Re: Limitation on pkg Pyfai ERROR
Hi Clement,
I am the upstream author of pyFAI and probably this bug has little to do with debian packaging.
Indeed, I don't test pyFAI on AMD hardware regularly.
Can you run the tests in a more verbose way to now specifically which test is failing ?
Maybe we should follow up this discussion in a pyFAI issue:
https://github.com/silx-kit/pyFAI/issues/2584
Could it be that is is `pyFAI-benchmark -h` which fails ?
I also find surprizing that your card advertizes WG=1024 abut that there are limitation to WG=256 in the output... but maybe this is unrelated.
Cheers,
Jerome
On Mon, 28 Jul 2025 13:58:08 +0000
LONGEAC Clement <clement.longeac@synchrotron-soleil.fr> wrote:
> Hello,
>
> I work on the pkg Pyfai , I am in an internship at Synchrotron-Soleil , my directors are Frederic-
> Emmanuel PICCA and Emmanuel FARHI. I implemented Rocm and Pocl autopkgtest for
> architecture amd64 and arm64. I implemented autopktests for rocm and pocl using Opencl on the package named Pyfai
> on local. The aim is to have an overview of code compatibility with various AMD
> graphics cards, the codes on all the AMD boards available for CI rocm for GPU
> and Pocl for CPU.
>
> But I have several problems with it, it makes very long times to build , so that some tests are marked as timed out whatever I do.

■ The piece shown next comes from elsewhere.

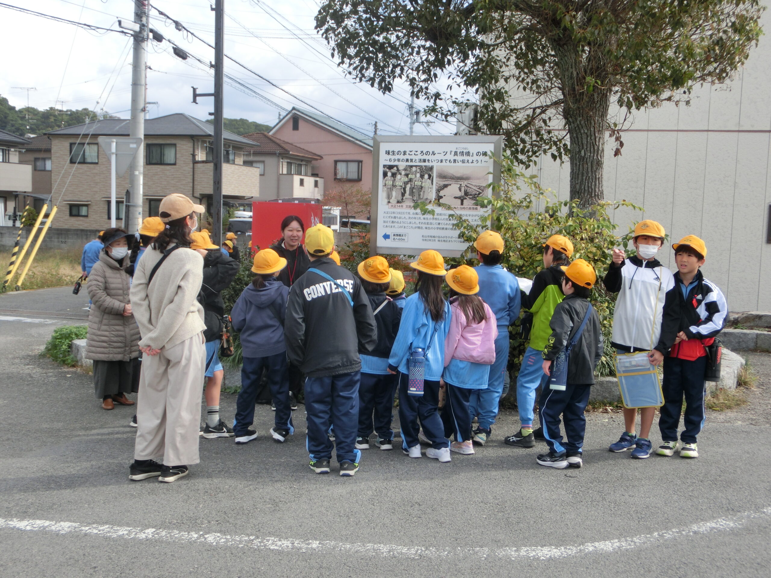 公開日 2026/1/15 お知らせ活動報告 教育文化部 味生小学校まごころウォークラリー見守り協力 令和7年11月18日(火)天候にも恵まれ、まちづくり協議会からお願いした32名の皆さんのご協力のもと、まごころウォークラリーが開催されました。味生小学校からは、見守り協力に対して「子どもたちは地域の良さや温かさに触れ、満足した表情で学校へ戻ってきました」と感謝の言葉をいただきました。皆さんのお力添えが、子どもたちの地域への愛着を育む大きな一助となりました。 真情橋案内板 浄明院 高家八幡神社
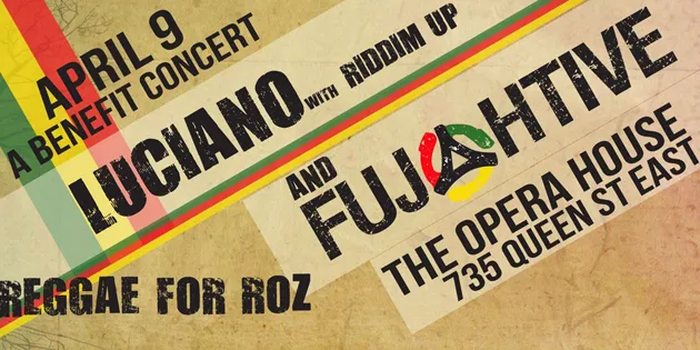 “After the success of last years Fujahtive Reunion show we are upping the stakes to help Children and Women fleeing domestic abuse have a place of safety and hope. We are pleased to announce this years Reggae for Roz show featuring international Grammy Award Nominated Reggae star Luciano Messenjah will be peforming his positive and conscious brand of Reggae music with supporting band Riddim Up. Juno nominated Fujahtive opens things up with their eight piece band which inlcudes the renowned Brass Roots horn section All proceeds to are to support programs for Dr. Roz’s Healing place a women’s and children’s shelter. Tickets are $30 (limited supply) in advance and $40 at the door.”

> I implemented the time limit at 42 200 second . In the ROCm parts , I have the error "Maximum valid workgroup size 256 on device <pyopencl.Device 'gfx1034' on 'AMD Accelerated Parallel Processing' at 0xe90bf90> 0.0 1.871411379818157e-05 "
>
> I don't know how to solve that and what it come from ... I made a lot of research and I don't really know how to solve it.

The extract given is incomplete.